> [TRY IT] Reproduce the entries in full. Exclude all images from the copy.
(MATERIAL FOR THIS EXERCISE)
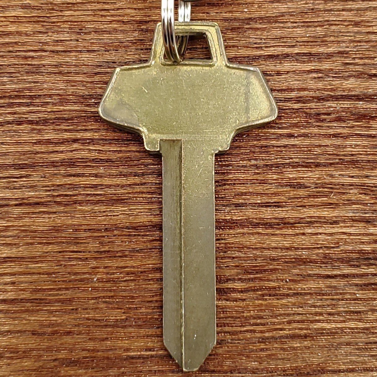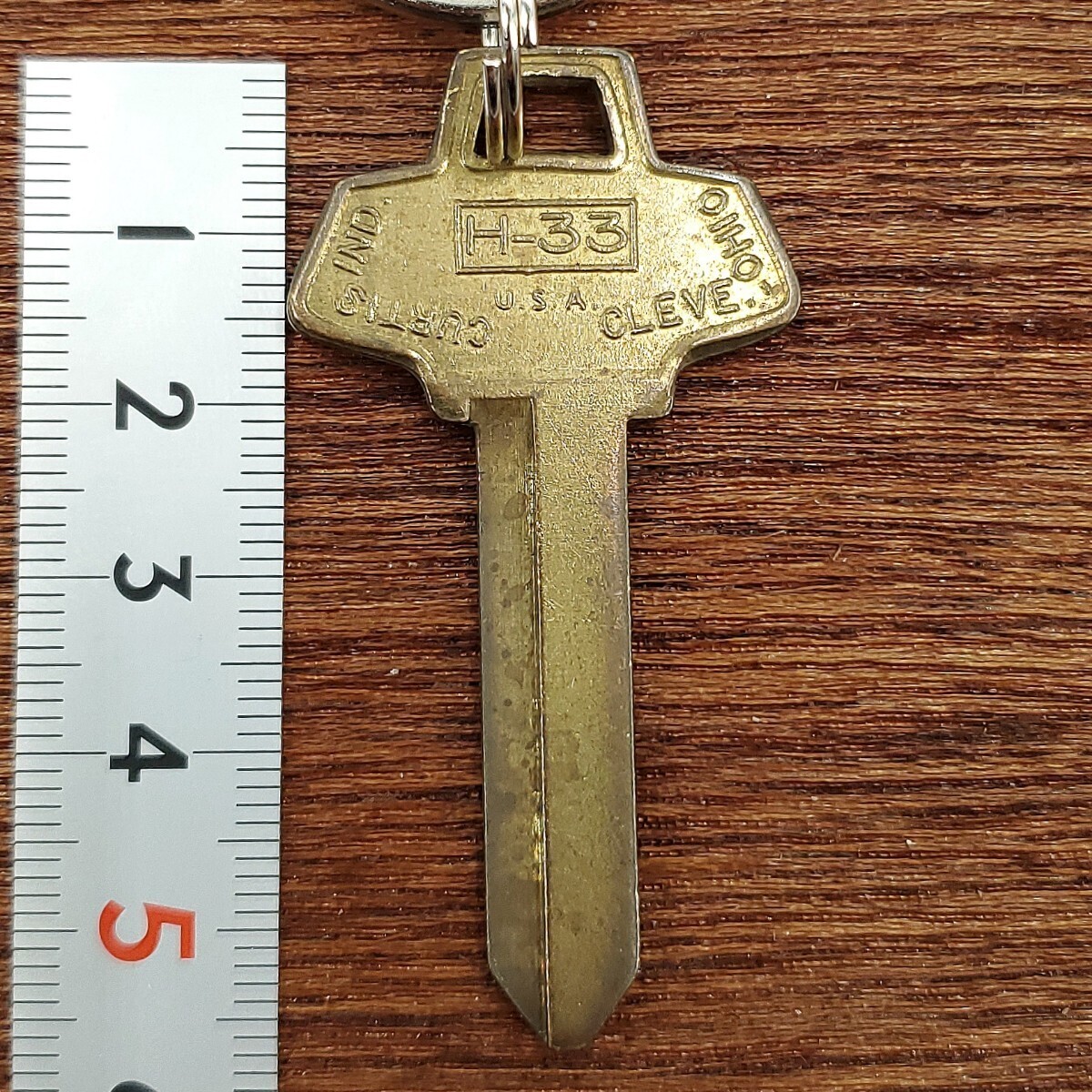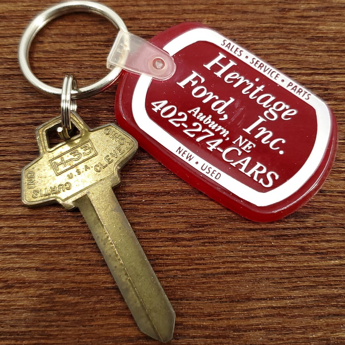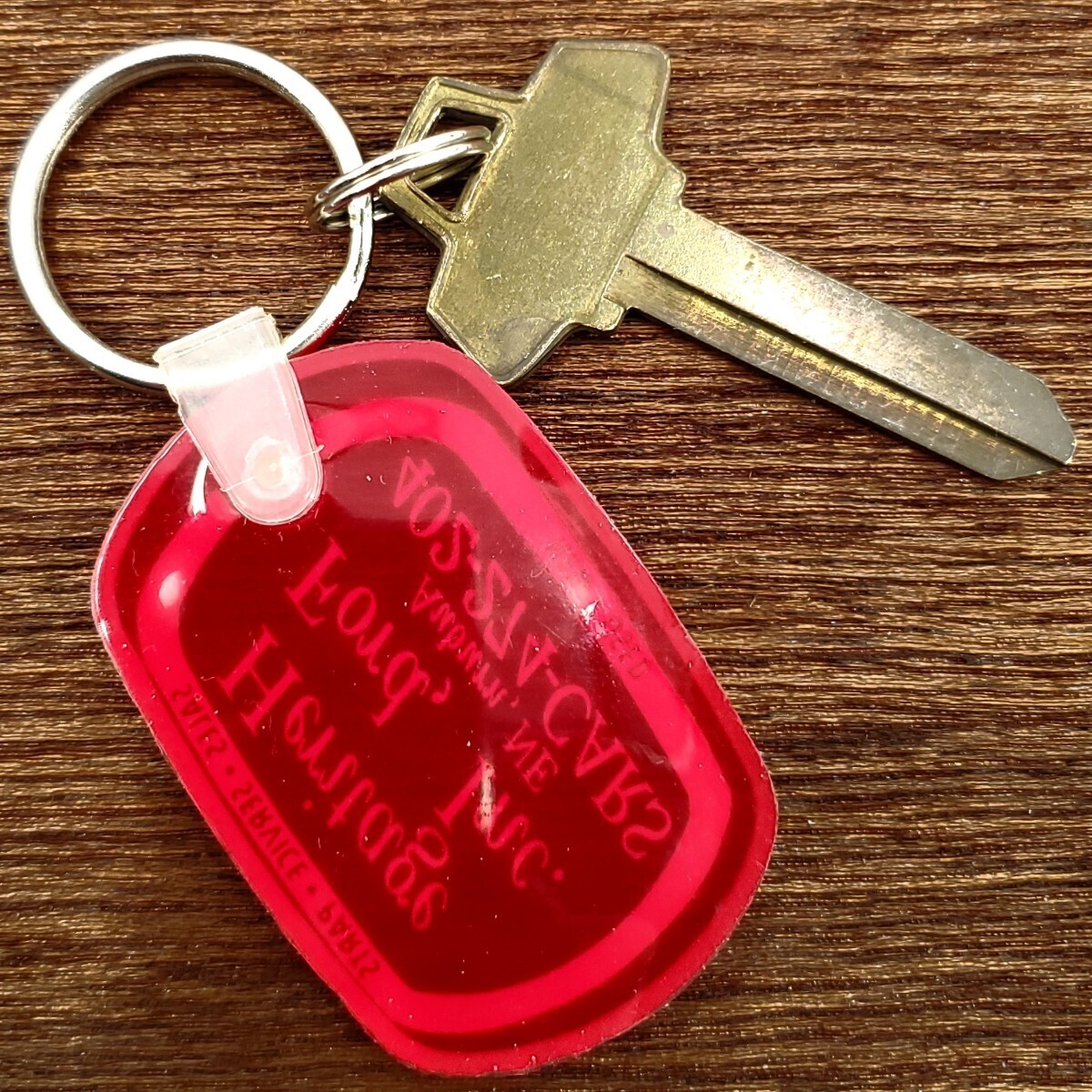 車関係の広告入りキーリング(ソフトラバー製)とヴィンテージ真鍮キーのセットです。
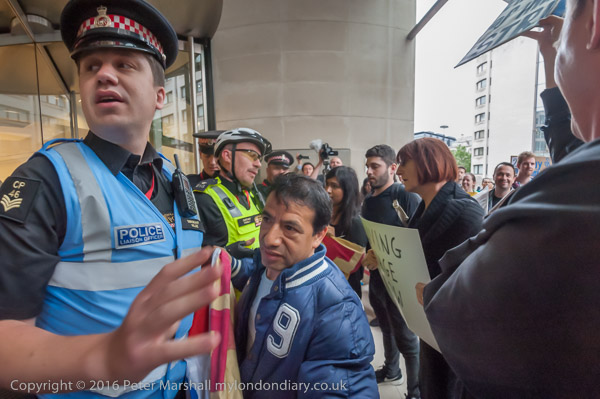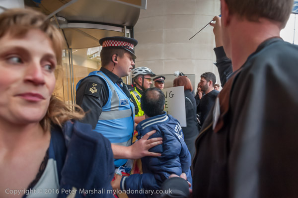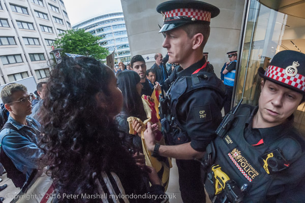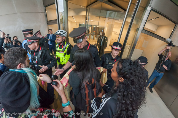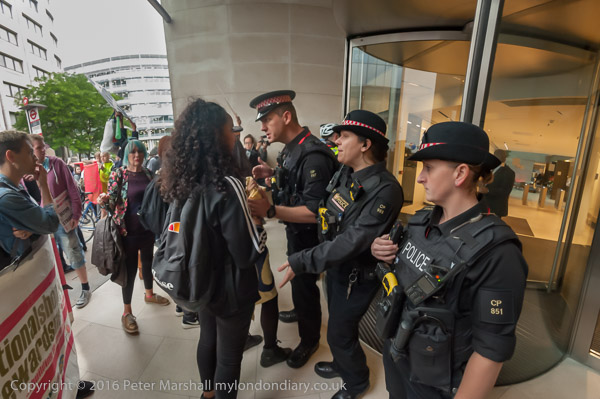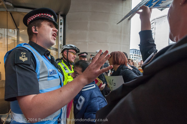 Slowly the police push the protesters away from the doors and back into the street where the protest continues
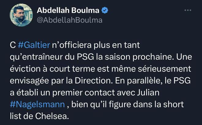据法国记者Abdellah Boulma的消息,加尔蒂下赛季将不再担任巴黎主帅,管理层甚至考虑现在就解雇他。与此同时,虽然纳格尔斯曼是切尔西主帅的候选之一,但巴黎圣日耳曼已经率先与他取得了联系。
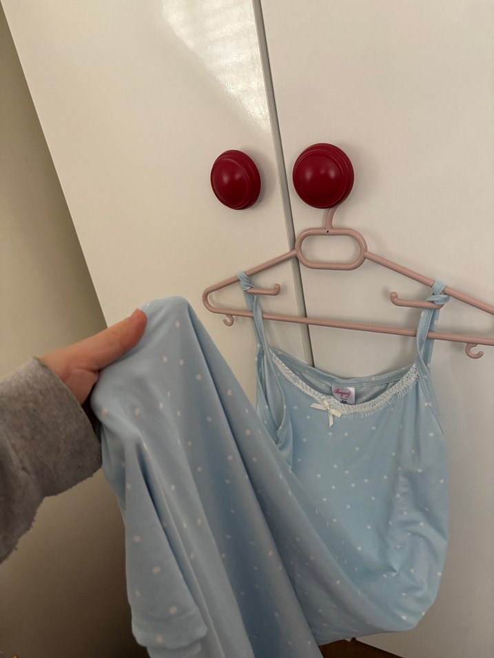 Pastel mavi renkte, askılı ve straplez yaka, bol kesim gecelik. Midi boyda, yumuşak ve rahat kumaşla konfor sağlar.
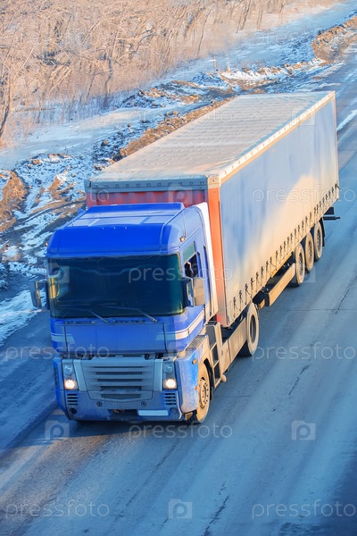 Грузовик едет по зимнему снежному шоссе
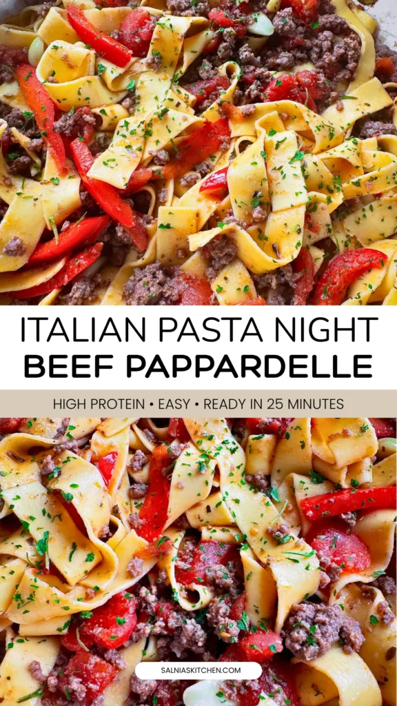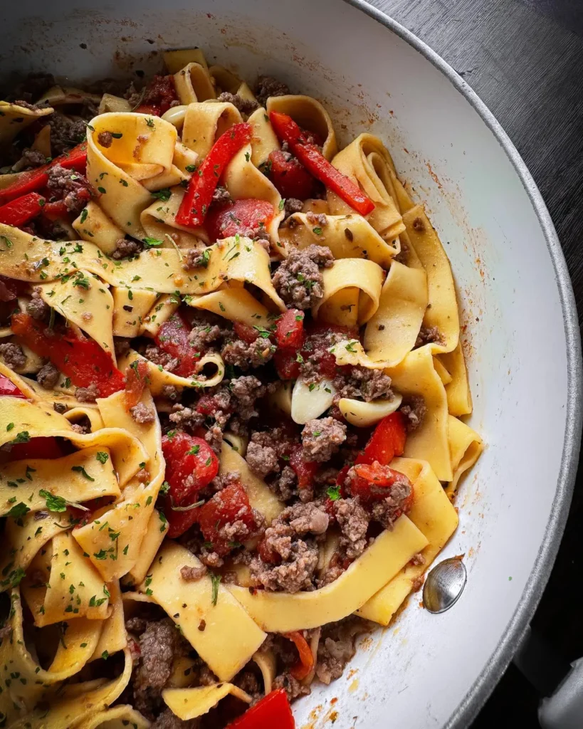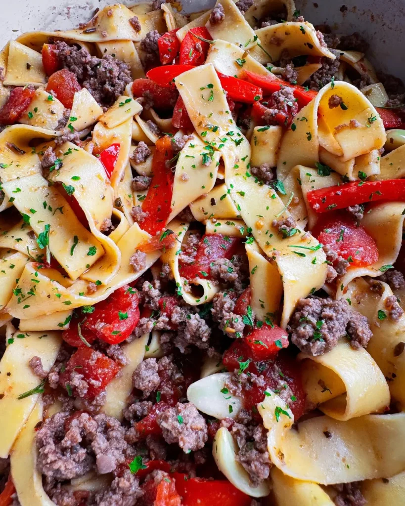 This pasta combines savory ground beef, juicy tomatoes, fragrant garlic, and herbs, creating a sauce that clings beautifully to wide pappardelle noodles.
(End MATERIAL FOR THIS EXERCISE)
> [RESPONSE AREA]
 車関係の広告入りキーリング(ソフトラバー製)とヴィンテージ真鍮キーのセットです。
 Slowly the police push the protesters away from the doors and back into the street where the protest continues
据法国记者Abdellah Boulma的消息,加尔蒂下赛季将不再担任巴黎主帅,管理层甚至考虑现在就解雇他。与此同时,虽然纳格尔斯曼是切尔西主帅的候选之一,但巴黎圣日耳曼已经率先与他取得了联系。
 Pastel mavi renkte, askılı ve straplez yaka, bol kesim gecelik. Midi boyda, yumuşak ve rahat kumaşla konfor sağlar.
 Грузовик едет по зимнему снежному шоссе
 This pasta combines savory ground beef, juicy tomatoes, fragrant garlic, and herbs, creating a sauce that clings beautifully to wide pappardelle noodles.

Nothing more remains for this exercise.